▸ Work item
Retype the records below from their first line through the line holding "限量快閃,超狂回饋。指定主機加購主機與 3 組耗材,上網登錄寄回標籤,可得7-11商品卡", including both ends and no pictures.

▸ Material to process
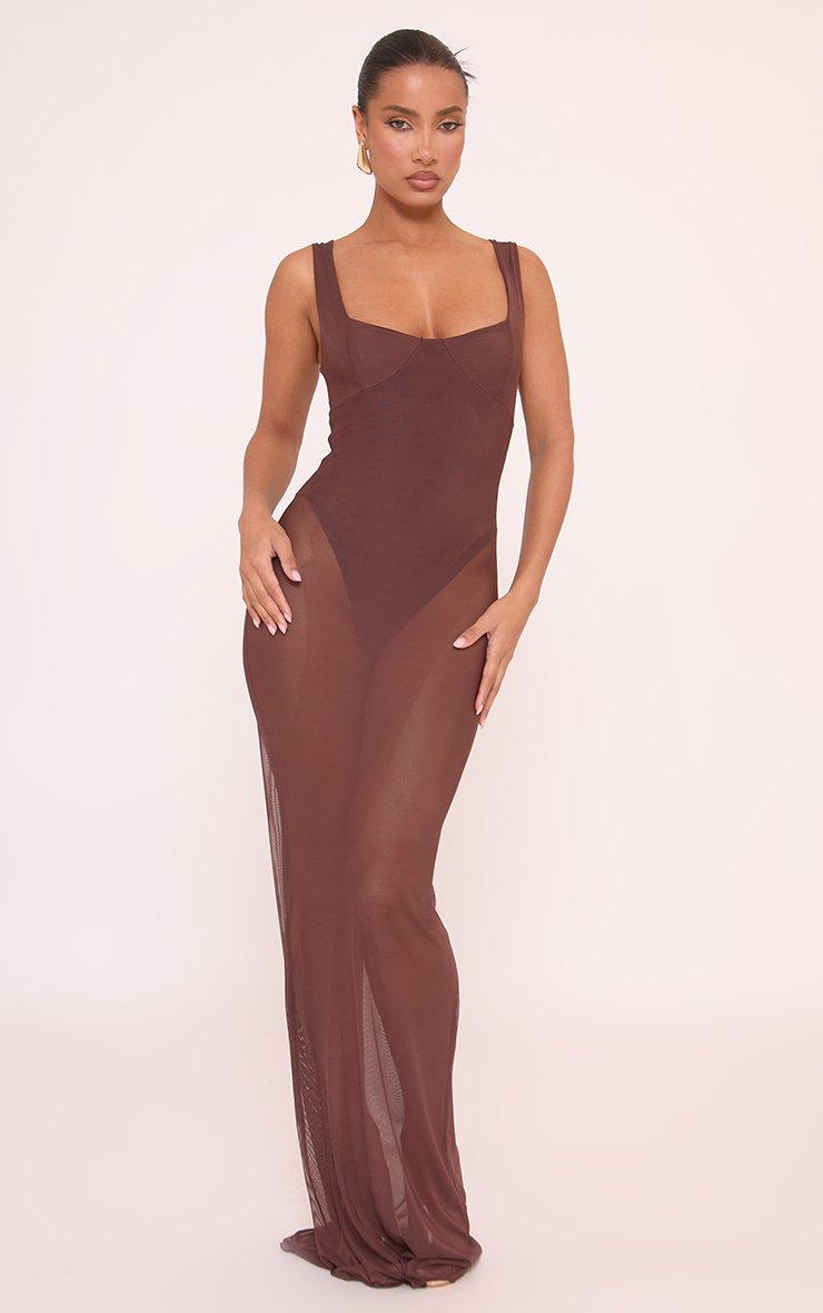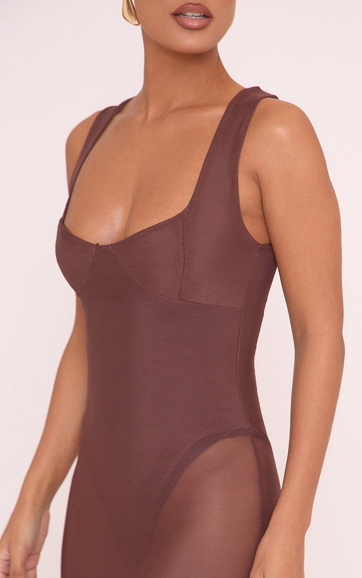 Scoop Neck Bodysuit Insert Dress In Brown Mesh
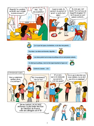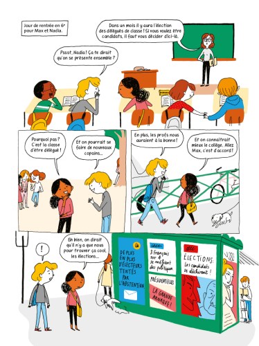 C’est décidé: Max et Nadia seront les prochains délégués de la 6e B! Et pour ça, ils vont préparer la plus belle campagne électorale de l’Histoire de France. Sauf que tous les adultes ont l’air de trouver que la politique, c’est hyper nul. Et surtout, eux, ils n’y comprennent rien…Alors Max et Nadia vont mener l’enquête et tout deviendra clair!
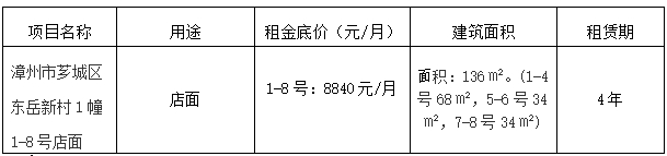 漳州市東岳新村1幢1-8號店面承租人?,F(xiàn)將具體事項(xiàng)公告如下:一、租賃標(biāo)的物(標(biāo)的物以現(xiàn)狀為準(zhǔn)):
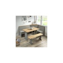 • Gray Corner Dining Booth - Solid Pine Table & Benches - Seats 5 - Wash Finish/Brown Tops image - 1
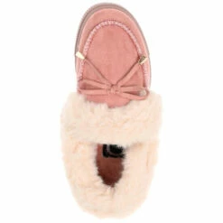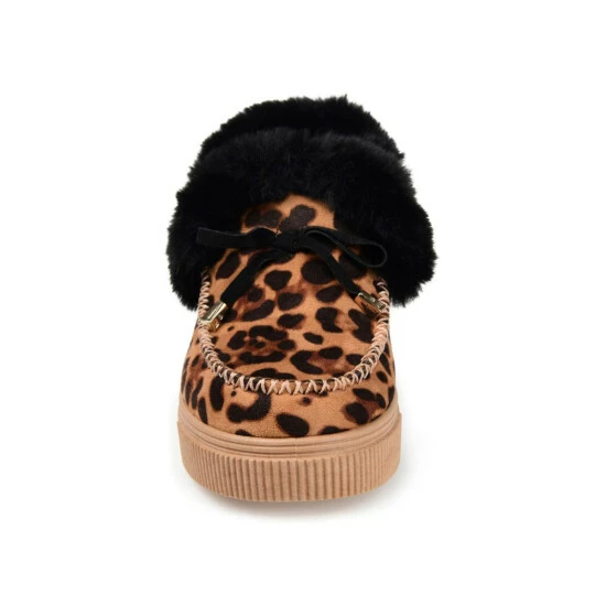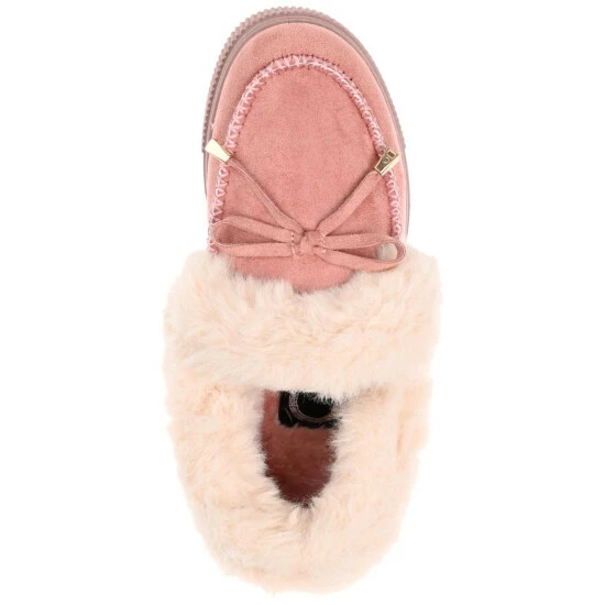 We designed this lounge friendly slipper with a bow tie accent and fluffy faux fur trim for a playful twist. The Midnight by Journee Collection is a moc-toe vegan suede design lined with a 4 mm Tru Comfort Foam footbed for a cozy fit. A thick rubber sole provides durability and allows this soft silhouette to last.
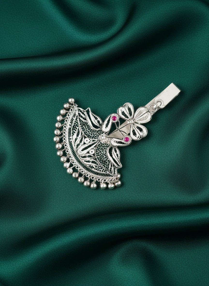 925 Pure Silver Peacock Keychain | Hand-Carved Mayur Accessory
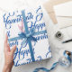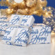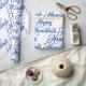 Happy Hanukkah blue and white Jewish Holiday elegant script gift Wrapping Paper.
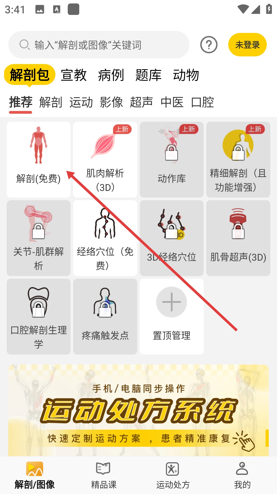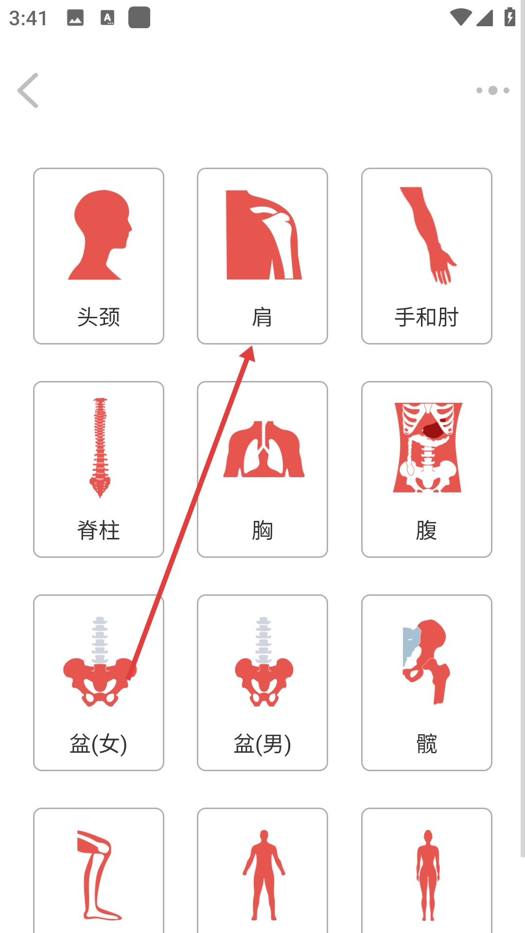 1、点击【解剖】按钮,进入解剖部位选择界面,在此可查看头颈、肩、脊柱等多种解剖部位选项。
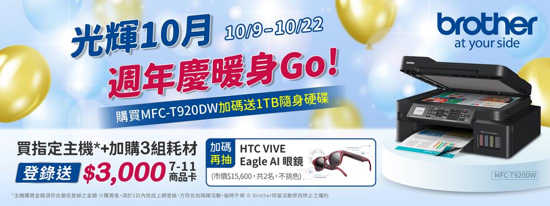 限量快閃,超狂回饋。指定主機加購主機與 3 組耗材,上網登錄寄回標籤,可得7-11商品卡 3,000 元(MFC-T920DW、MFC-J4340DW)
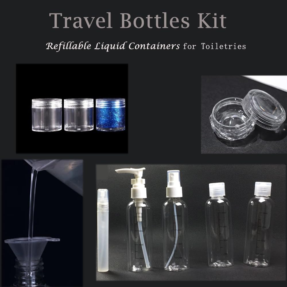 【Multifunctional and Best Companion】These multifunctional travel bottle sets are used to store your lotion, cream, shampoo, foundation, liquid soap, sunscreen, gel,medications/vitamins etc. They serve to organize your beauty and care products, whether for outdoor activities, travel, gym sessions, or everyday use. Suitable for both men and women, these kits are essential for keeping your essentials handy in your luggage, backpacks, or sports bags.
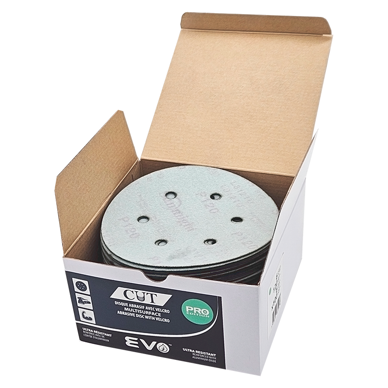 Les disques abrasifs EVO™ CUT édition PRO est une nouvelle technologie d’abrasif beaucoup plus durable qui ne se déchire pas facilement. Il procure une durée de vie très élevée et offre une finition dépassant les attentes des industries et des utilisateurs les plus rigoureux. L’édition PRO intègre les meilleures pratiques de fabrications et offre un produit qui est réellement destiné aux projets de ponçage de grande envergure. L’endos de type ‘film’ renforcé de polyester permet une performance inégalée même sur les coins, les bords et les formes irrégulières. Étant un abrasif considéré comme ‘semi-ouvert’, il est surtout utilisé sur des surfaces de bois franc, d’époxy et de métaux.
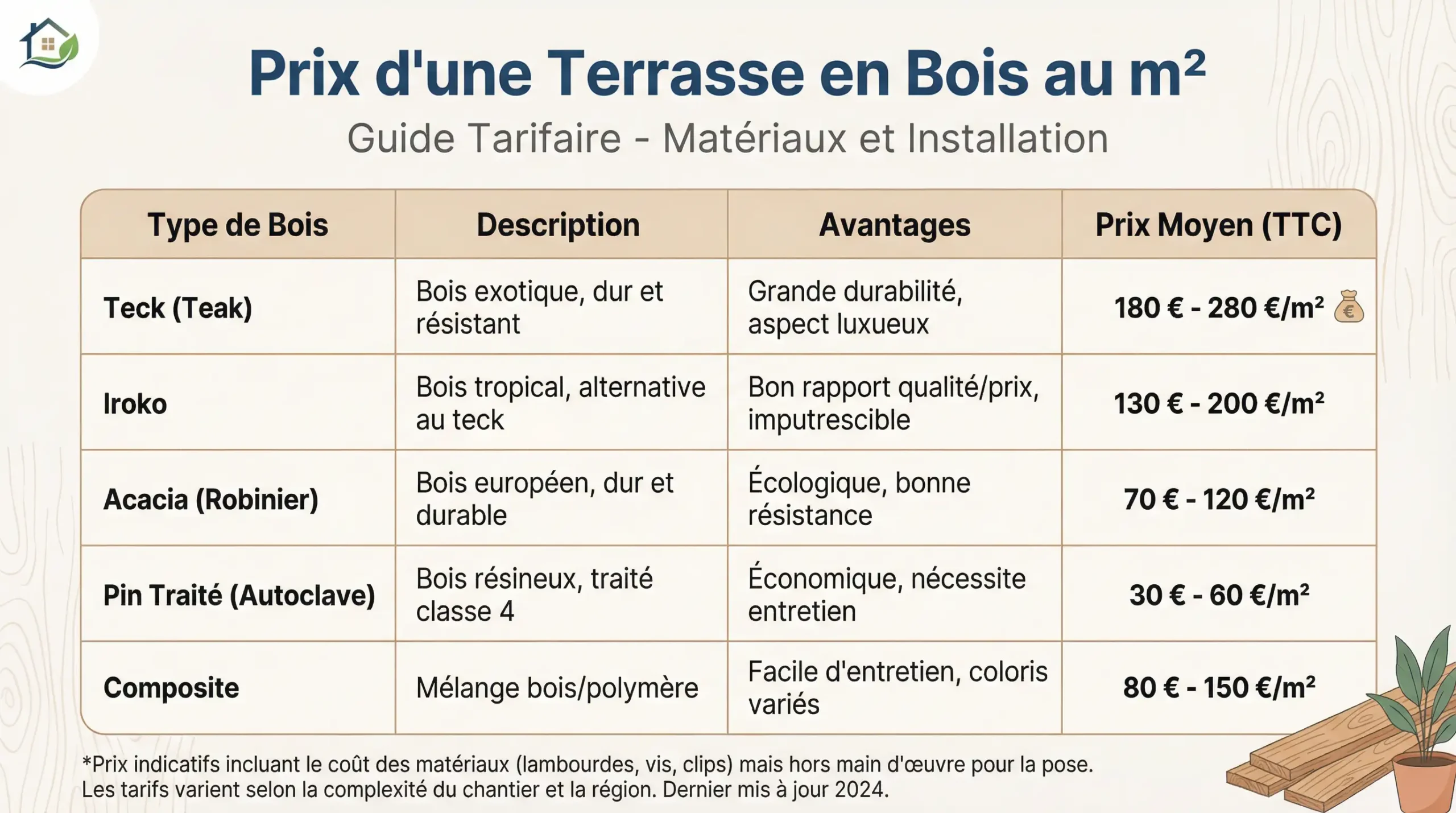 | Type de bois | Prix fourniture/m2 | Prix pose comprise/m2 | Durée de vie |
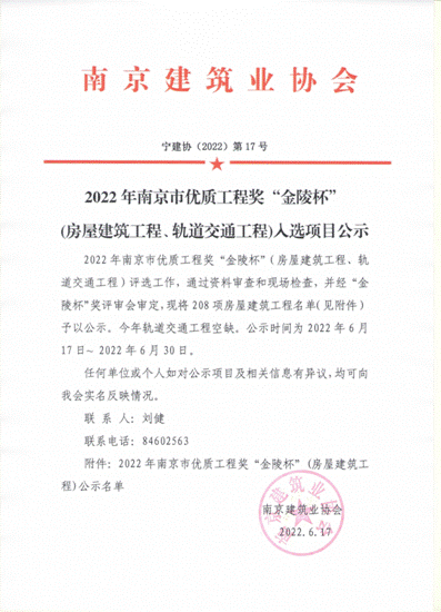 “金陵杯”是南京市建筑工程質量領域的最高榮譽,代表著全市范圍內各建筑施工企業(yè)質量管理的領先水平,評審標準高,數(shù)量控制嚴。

▸ Exercise output
 Scoop Neck Bodysuit Insert Dress In Brown Mesh
 C’est décidé: Max et Nadia seront les prochains délégués de la 6e B! Et pour ça, ils vont préparer la plus belle campagne électorale de l’Histoire de France. Sauf que tous les adultes ont l’air de trouver que la politique, c’est hyper nul. Et surtout, eux, ils n’y comprennent rien…Alors Max et Nadia vont mener l’enquête et tout deviendra clair!
 漳州市東岳新村1幢1-8號店面承租人?,F(xiàn)將具體事項(xiàng)公告如下:一、租賃標(biāo)的物(標(biāo)的物以現(xiàn)狀為準(zhǔn)):
 • Gray Corner Dining Booth - Solid Pine Table & Benches - Seats 5 - Wash Finish/Brown Tops image - 1
 We designed this lounge friendly slipper with a bow tie accent and fluffy faux fur trim for a playful twist. The Midnight by Journee Collection is a moc-toe vegan suede design lined with a 4 mm Tru Comfort Foam footbed for a cozy fit. A thick rubber sole provides durability and allows this soft silhouette to last.
 925 Pure Silver Peacock Keychain | Hand-Carved Mayur Accessory
 Happy Hanukkah blue and white Jewish Holiday elegant script gift Wrapping Paper.
 1、点击【解剖】按钮,进入解剖部位选择界面,在此可查看头颈、肩、脊柱等多种解剖部位选项。
 限量快閃,超狂回饋。指定主機加購主機與 3 組耗材,上網登錄寄回標籤,可得7-11商品卡 3,000 元(MFC-T920DW、MFC-J4340DW)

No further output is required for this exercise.